1. Load all required libraries.
import os
import pandas as pd
import seaborn as sns
import numpy as np
import matplotlib.pyplot as plt
from sklearn.preprocessing import StandardScaler
from sklearn.model_selection import train_test_split
from sklearn.model_selection import GridSearchCV
from sklearn.neighbors import KNeighborsClassifier
from sklearn.tree import DecisionTreeClassifier
from sklearn.neural_network import MLPClassifier
from sklearn.metrics import accuracy_score
2. Set the working directory to "C:\Workshop\Data".
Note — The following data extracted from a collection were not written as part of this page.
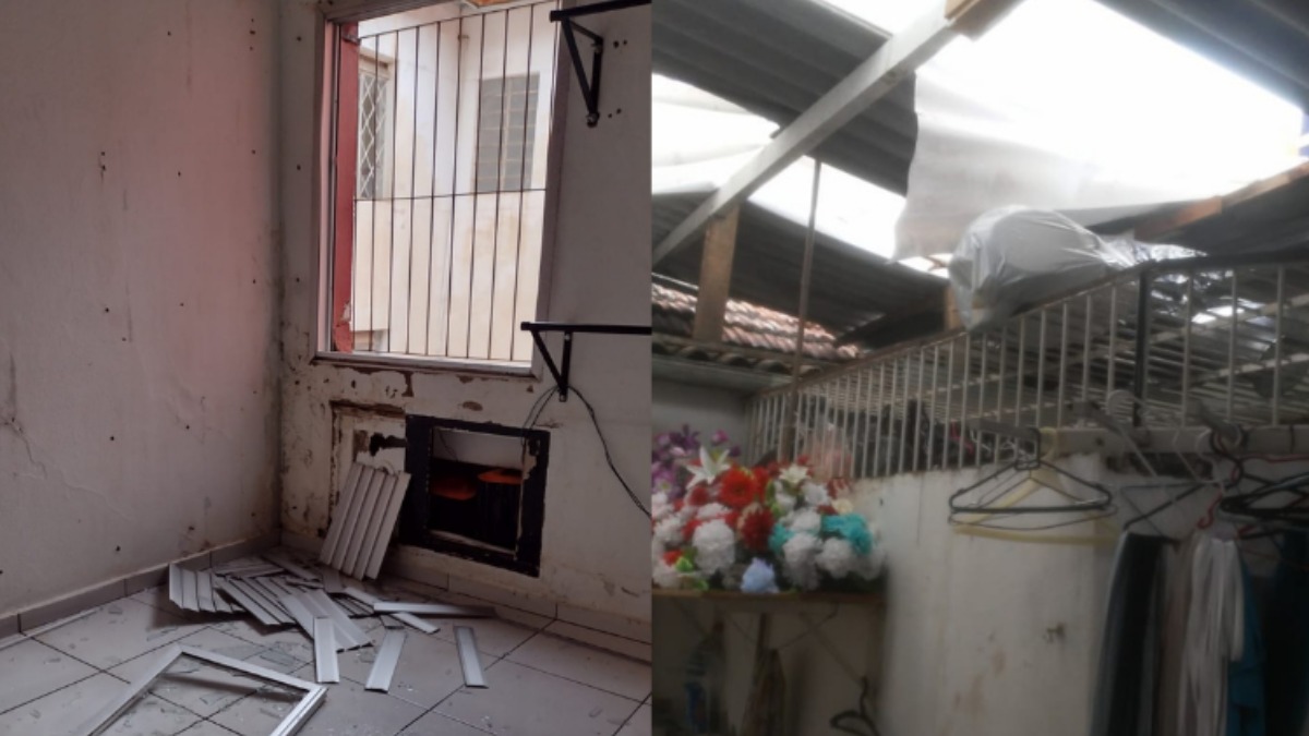 Uma loja de ternos também foi vítima da ação dos criminosos. Eles não conseguiram entrar, mas quebraram uma janela de alumínio e vandalizaram o estabelecimento. Segundo a proprietária, essa é a 10ª invasão na loja.
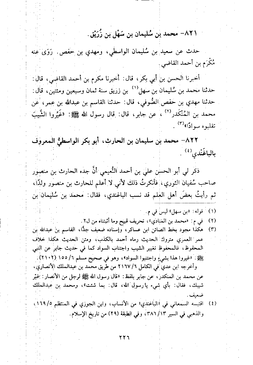 822 - محمد بن سليمان بن الحارث أبو بكر الواسطي المعروف بالباغندي ذكر لي أبو الحسن علي بن أحمد النعيمي أن جده الحارث بن منصور صاحب سفيان الثوري، فأنكرت ذلك؛ لأني لا أعلم للحارث بن منصور ولدا، ثم رأيت بعض أهل العلم قد نسب الباغندي، فقال: محمد بن سليمان بن الحارث بن عبد الرحمن الأزدي.
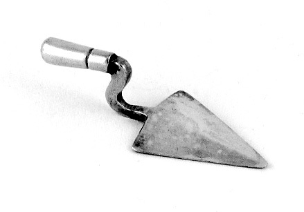 Troffel met puntig driehoekig blad en S-vormige steelaanzet met ronde greep.- Trefwoorden
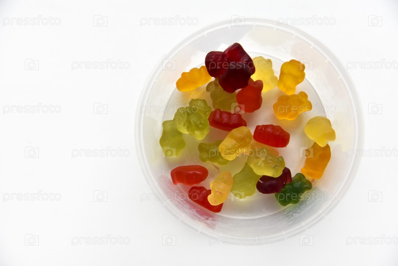 Вкусный мармелад желе несет конфеты в упаковке на белом фоне. Сладкая закуска в виде желейных красочных аппетитных животных

os.chdir("C:\Workshop\Data")
3. Read the Risk.csv file into a data frame called policies.
policies = pd.read_csv("Risk.csv")
1. Inspect the policies data using the head
function.
policies.head()
2. Summarize the columns in the data frame using the info
function.
policies.info()
3. Sumarize the data in the data frame using the describe
function.
policies.describe(
include = "all")
4. Create a correlation matrix using the corr
function.
correlations = policies.corr()
5. Create a correlogram using the seaborn heatmap
function.
sns.heatmap(
data = correlations,
cmap = sns.diverging_palette(
h_neg = 10,
h_pos = 220,
as_cmap = True));
6. Inspect missing values with the isnull
and sum
functions.
policies.isnull().sum()
1. Assign the following features to a data frame named X: Gender, State Rate, Height, Weight, BMI, and Age.
X = policies[["Gender", "State_Rate", "Height", "Weight", "BMI", "Age"]]
2. Encode the categorical Gender variable {Female, Male} as an integer {0, 1}.
X.Gender.replace(("Female", "Male"), (0, 1), inplace = True)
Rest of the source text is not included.